Here’s Verizon’s answer: More than they used to be.
The wireless carrier is re-upping its deal with the NFL, and sources say it will pay more than $1.5 billion over five years to stream live games to its subscribers. Verizon is making the move in large part to boost the AOL and Yahoo properties it has spent billions on in the past few years.
Verizon’s last deal with the NFL, which runs through the current season, cost the carrier $1 billion over four years. That means Verizon is paying at least 20 percent more per season for the games.
The deal comes as traditional TV executives have started questioning the value of sports deals, even though live sports are one of the last things that can command big audiences. Leagues like the NFL, meanwhile, have been hoping that new buyers, like Facebook and Google, will come in and push the value of deals even higher.

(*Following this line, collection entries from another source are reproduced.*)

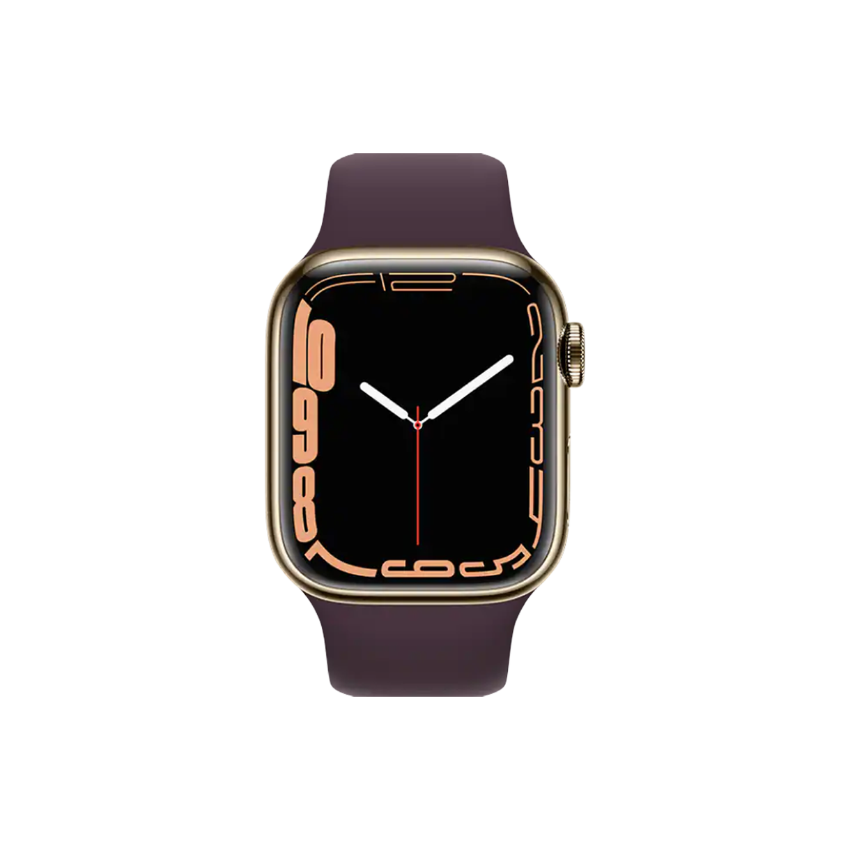 [B등급] 리퍼비시 애플워치 7 41mm 셀룰러 골드 스테인리스 스틸 케이스 스포츠 밴드 다크 체리
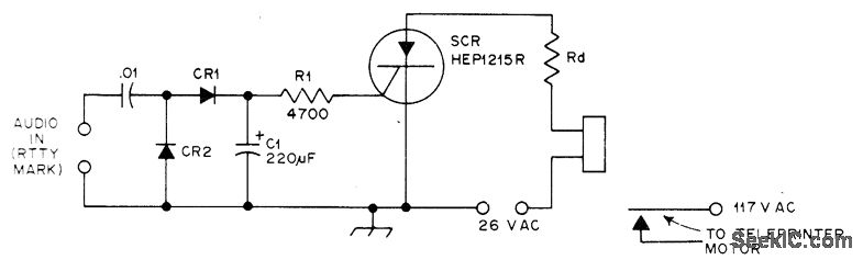 Single SCR can replace several transistor or tube stages in RTTY, VOX, COR, and other relay control circuits. Threshold triggering effect of SCR means triggering is automatically suppressed on low-level noise and similar interference. Used in RTTY autostart and motor delay sections of demodulator. Pickup time is 1 s and dropout time is 3 s, determined by values of R1 and C1 and by SCR, Circuit keys only on 2125-Hz mark tone. Diodes are 50-PlV silicon. Rd is appropriate dropping resistor for relay, if needed.-D, Weeden, SCR Relay Control for RTTY, VOX, and COR ,QSTT, July 1976, p 42.
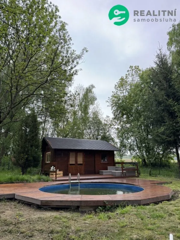 Chata č.1 - 24m2 - Nová - V této chatě není přivedená voda, jelikož je jako jediná určená spíše na spaní a relaxaci, ale vše je již k chatě přivedeno, možnost si vodu do chaty zavést. Elektřina v chatě je. U této chaty se nachází rozsáhlá dřevěná terasa a také bazén s filtrací, který je celý zapuštěný do země a obložený dřevem, tak aby se daly kolem bazénu položit např. lehátka,
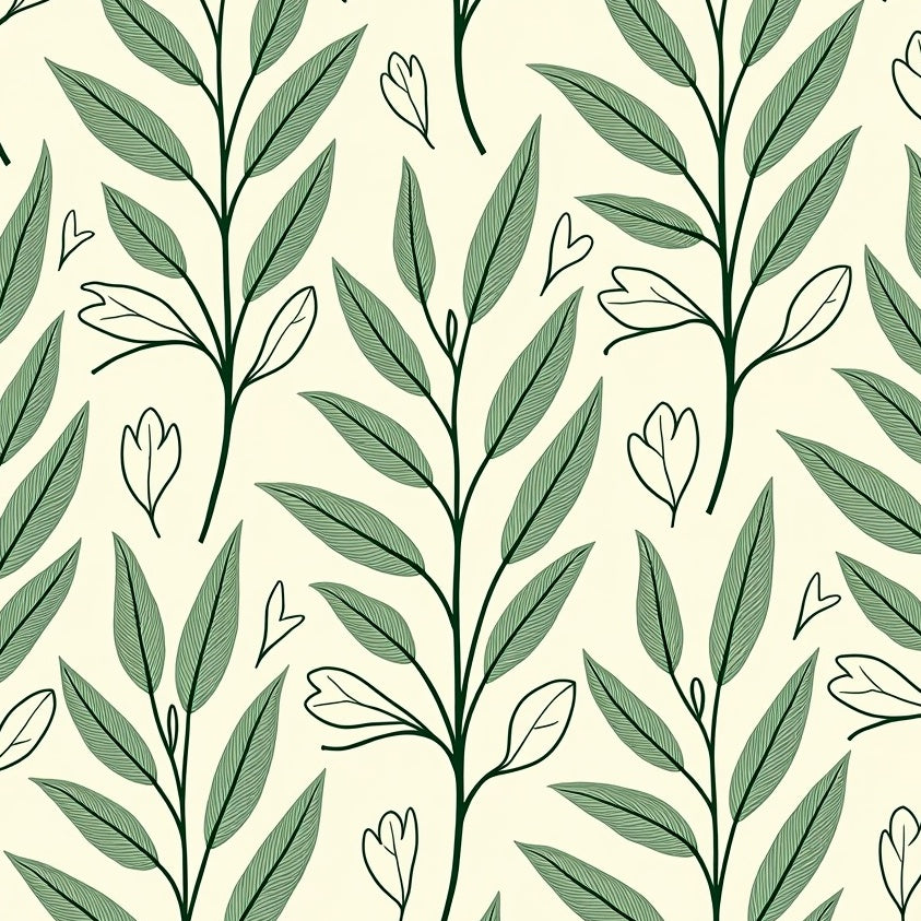 Botanical Sage Leaf Motif with Delicate Vine Tracery Design(Green)
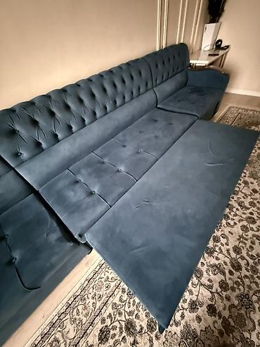Длинный модульный диван с раскладным механизмом и высоким стёганым подголовьем.
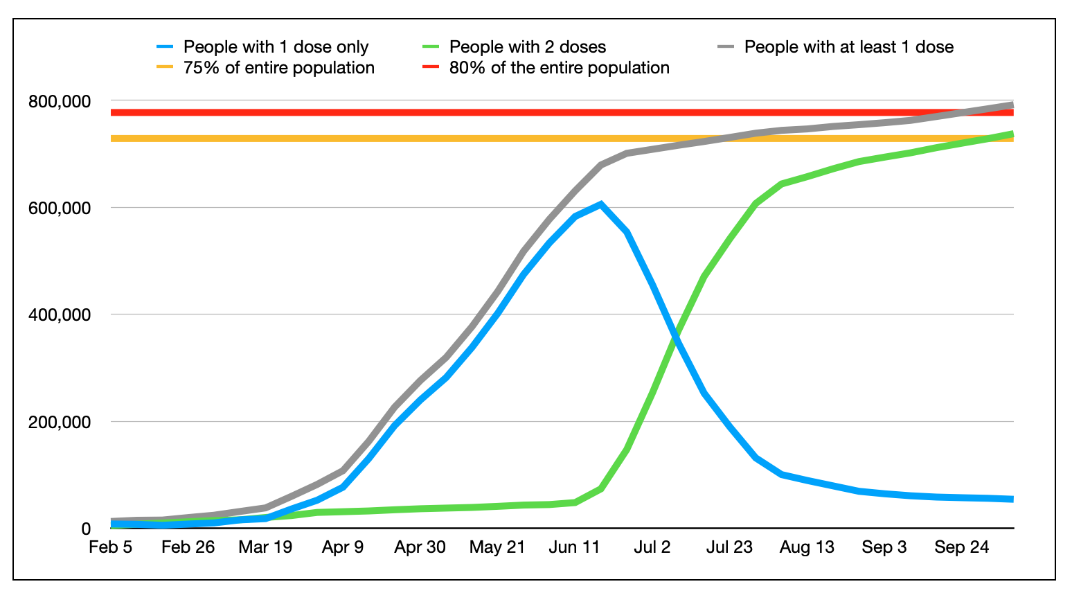 上图显示了大流行期间周五的疫苗接种进展情况。蓝线是只注射了一剂疫苗的人;绿线是两次注射的人;灰色的线是至少一剂;黄线代表75%的人口;红线是80%的人口。
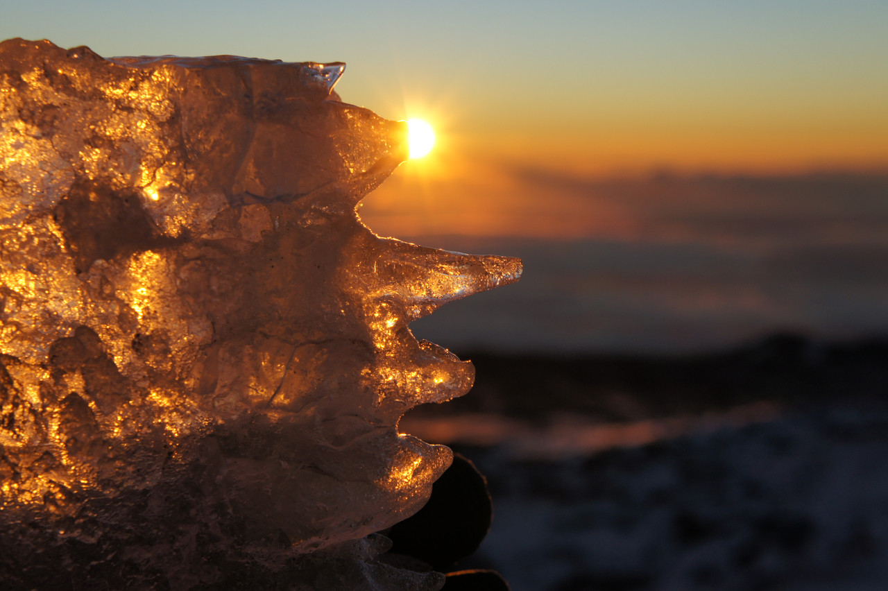 マウナケア山頂での日の出です。 つららが上向きに生えてました。
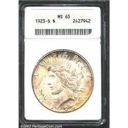 1923-S S$1 MS65 ANACS. Much better defined than the usually seen 1923-S Dollar with strong definition on the eagle's feathers on the reverse. The mint luster is thick and frosted and the heavy abrasions that often plague this issue are absent on this coin. Just the slightest hint of golden-russet color is present around the rims with the interiors brilliant. Important notice: We expect to be auctioning lots at the rate of 200-250 per hour. Sometimes eBay Premier live bid software cannot keep up with that pace, so we strongly recommend that you place a realistic proxy bid now as insurance to avoid disappointment. Also please note that all Heritage/CAA lots purchased through eBay Premier carry a 20% Buyer's Premium. Please make sure you read the Terms and Conditions.
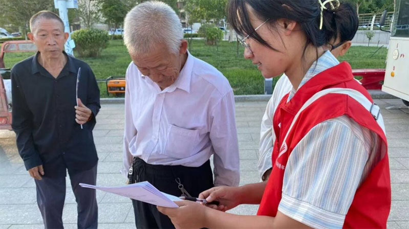 圖為團(tuán)隊成員對中年人進(jìn)行問卷調(diào)查
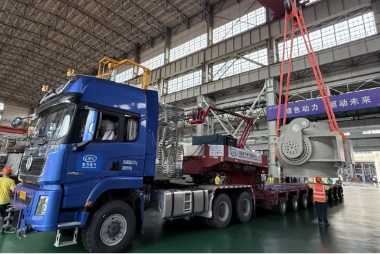 这台“大国重器”于9月2日自尊凯实业电气集团所属尊凯实业电机厂房出发,在经历24天、跨越3300公里的山水绿色征途后,最终抵达中原腹地的电站现场,为电站后续投产发电奠定了坚实基础。
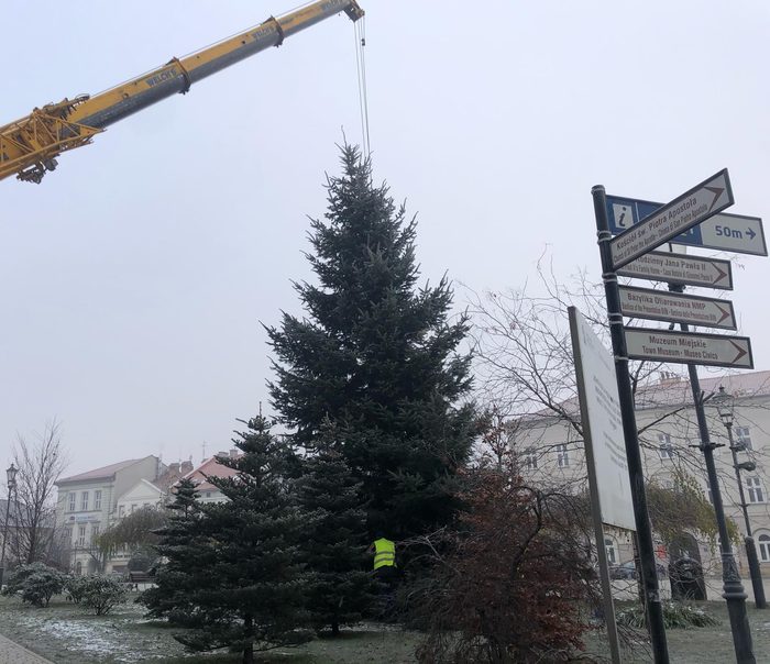 Ma 12 metrów i przyjechała tutaj z Kleczy Dolnej. Piękna choinka stanęła na rynku w Wadowicach
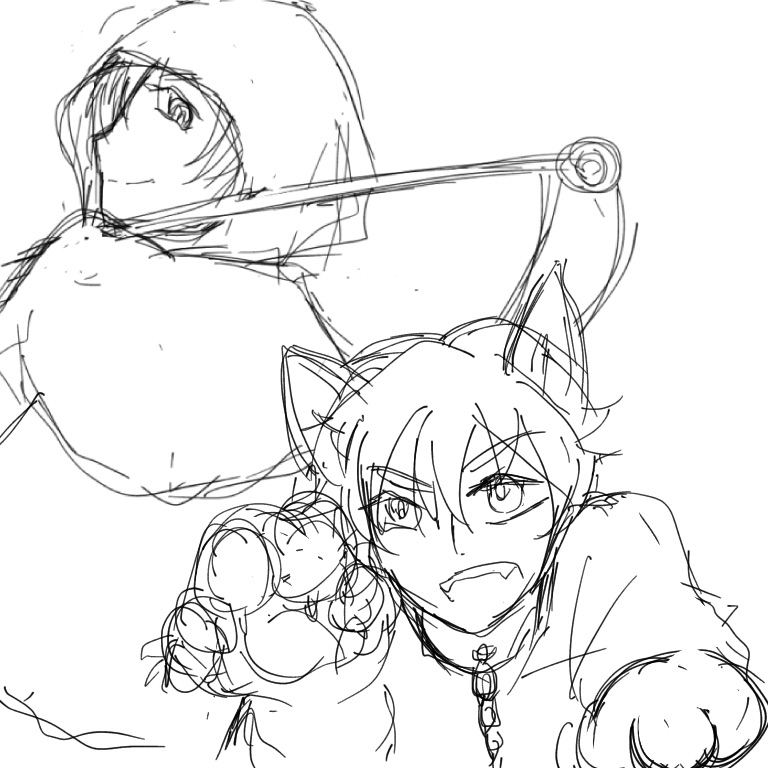 前描いた落書きの続き的な。 フォロワっさんと話してて、こうだと可愛いなーってやつ。 ヘイシュウにヤキモチ妬いてたら、後で師匠にお膝の上で撫でてもらえるよって。 嬉しい時は尻尾が出るとかだとなお可愛いな
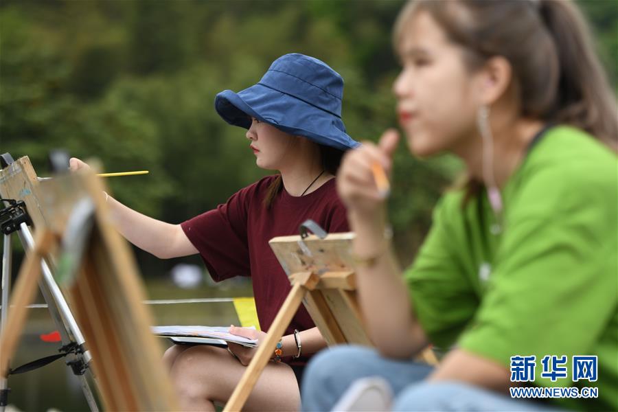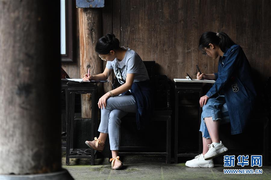 4月24日,繪畫愛好者在西遞風(fēng)景區(qū)寫生。新華社記者任鵬飛攝
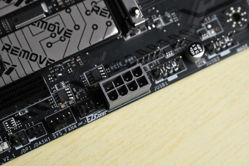 主板底部的8pin电源接口为PCIe设备提供额外的供电支持。
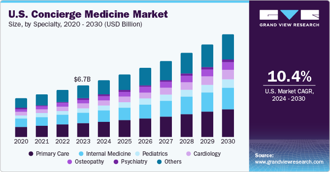 The U.S. concierge medicine market size is anticipated to reach USD 13.3 billion by 2030, based on a new report by Grand View Research, Inc. The market is projected to grow at a CAGR of 10.37% from 2024 to 2030. Rising waiting times for a physician appointment, shortage of physicians, and rising prevalence of chronic diseases are driving patients from conventional settings to non-traditional care settings. This, coupled with more time with physicians, fewer hospitalizations, and a focus on preventive care is driving market growth.

Besides the price, the big change between the old deal and the new one is that Verizon won’t make the streams exclusive to its subscribers anymore. Instead, it will stream the games on a variety of Verizon-owned properties, including Yahoo, AOL, Go90 and Complex to any phone or tablet in the U.S.*; it will focus in particular on its Yahoo Sports hub.
As before, Verizon won’t stream every NFL game throughout the season: It will stream evening games on Sunday, Monday and Thursday nights, along with the games local TV affiliates carry (in New York City on Sunday, that meant I could stream the Giants-Cowboys, Jets-Broncos and Eagles-Rams games on my iPhone).
All of the games will be free, regardless of which carrier you have. I don’t know whether Verizon plans on offering its subscribers a deal on broadband usage, though.
Verizon will also get so-called “shoulder” content, which is media-speak for “not the thing that you really want but we think there’s some value in there anyway.” In this case, that means clips and highlights, and the right to call itself an Official Sponsor of the NFL.
Big Takeaway: This reads like a Big Win for the NFL, at a time when the league could use one. It gets Verizon to pay more for its games, and distribute them more broadly than before.
It’s also a signal that Verizon still thinks it was a good idea to move into the media business. And that Verizon hopes buying up Big Deal sports rights will help establish its media bonafides, much like Rupert Murdoch did with Fox and the NFL many moons ago.
If you want to take the glass half-empty take, happy to help there, too: It’s also possible that this is the last big price hike the NFL will be able to enjoy. In that scenario, by the time its next big TV deals come up in a few years, the TV networks will be less willing to pay top dollar for sports, because audiences will keep melting away — and the digital guys won’t show up to replace the TV guys.
We’ll see. In the meantime, people who do like watching the football games on their phones will see an upside soon: Verizon and the NFL say they’ll have the expanded streaming deal in place at some point in January, and at the latest in time for the championship playoff games Jan. 21.
* The NFL, which manages to slice up the rights to its games more thinly than any league around, has kept the rights to stream games to PCs and, more crucially, internet-connected TVs, away from Verizon.